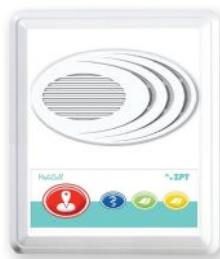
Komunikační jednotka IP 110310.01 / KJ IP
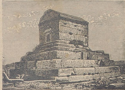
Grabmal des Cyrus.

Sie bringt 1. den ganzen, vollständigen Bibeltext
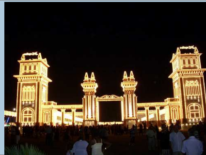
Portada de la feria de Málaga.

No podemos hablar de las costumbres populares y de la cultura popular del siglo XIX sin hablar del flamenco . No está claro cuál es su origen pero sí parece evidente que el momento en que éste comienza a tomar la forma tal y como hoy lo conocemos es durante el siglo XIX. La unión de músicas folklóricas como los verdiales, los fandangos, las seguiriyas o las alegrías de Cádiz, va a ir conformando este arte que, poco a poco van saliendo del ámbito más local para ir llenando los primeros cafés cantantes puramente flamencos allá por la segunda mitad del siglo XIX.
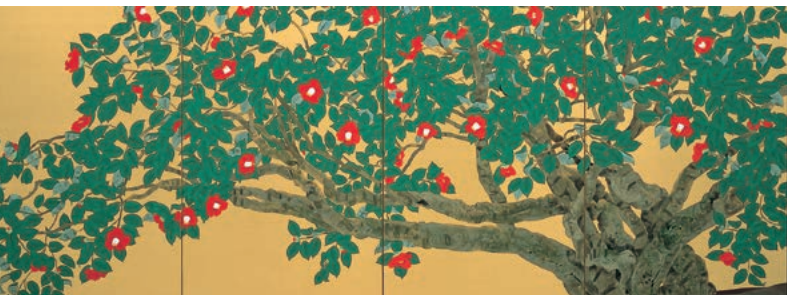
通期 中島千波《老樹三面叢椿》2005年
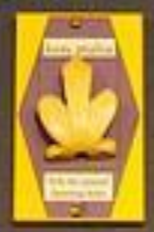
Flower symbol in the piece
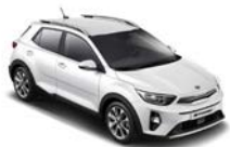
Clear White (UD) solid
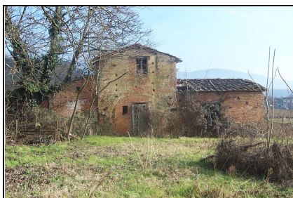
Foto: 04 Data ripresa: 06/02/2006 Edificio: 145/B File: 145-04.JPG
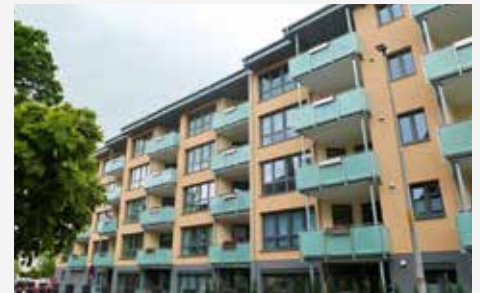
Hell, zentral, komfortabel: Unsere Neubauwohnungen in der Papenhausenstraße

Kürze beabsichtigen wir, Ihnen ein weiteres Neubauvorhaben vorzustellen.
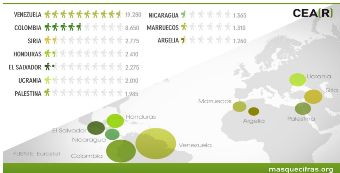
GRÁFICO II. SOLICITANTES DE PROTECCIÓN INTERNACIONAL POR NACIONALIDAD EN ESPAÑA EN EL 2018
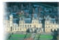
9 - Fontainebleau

============================================================

_Exercise requirements:_ All of the entries above are to be transcribed word for word, with no pictures included.

_Task output:_
Komunikační jednotka IP 110310.01 / KJ IP
Grabmal des Cyrus.

Sie bringt 1. den ganzen, vollständigen Bibeltext
Portada de la feria de Málaga.

No podemos hablar de las costumbres populares y de la cultura popular del siglo XIX sin hablar del flamenco . No está claro cuál es su origen pero sí parece evidente que el momento en que éste comienza a tomar la forma tal y como hoy lo conocemos es durante el siglo XIX. La unión de músicas folklóricas como los verdiales, los fandangos, las seguiriyas o las alegrías de Cádiz, va a ir conformando este arte que, poco a poco van saliendo del ámbito más local para ir llenando los primeros cafés cantantes puramente flamencos allá por la segunda mitad del siglo XIX.
通期 中島千波《老樹三面叢椿》2005年
Flower symbol in the piece
Clear White (UD) solid
Foto: 04 Data ripresa: 06/02/2006 Edificio: 145/B File: 145-04.JPG
Hell, zentral, komfortabel: Unsere Neubauwohnungen in der Papenhausenstraße

Kürze beabsichtigen wir, Ihnen ein weiteres Neubauvorhaben vorzustellen.
GRÁFICO II. SOLICITANTES DE PROTECCIÓN INTERNACIONAL POR NACIONALIDAD EN ESPAÑA EN EL 2018
9 - Fontainebleau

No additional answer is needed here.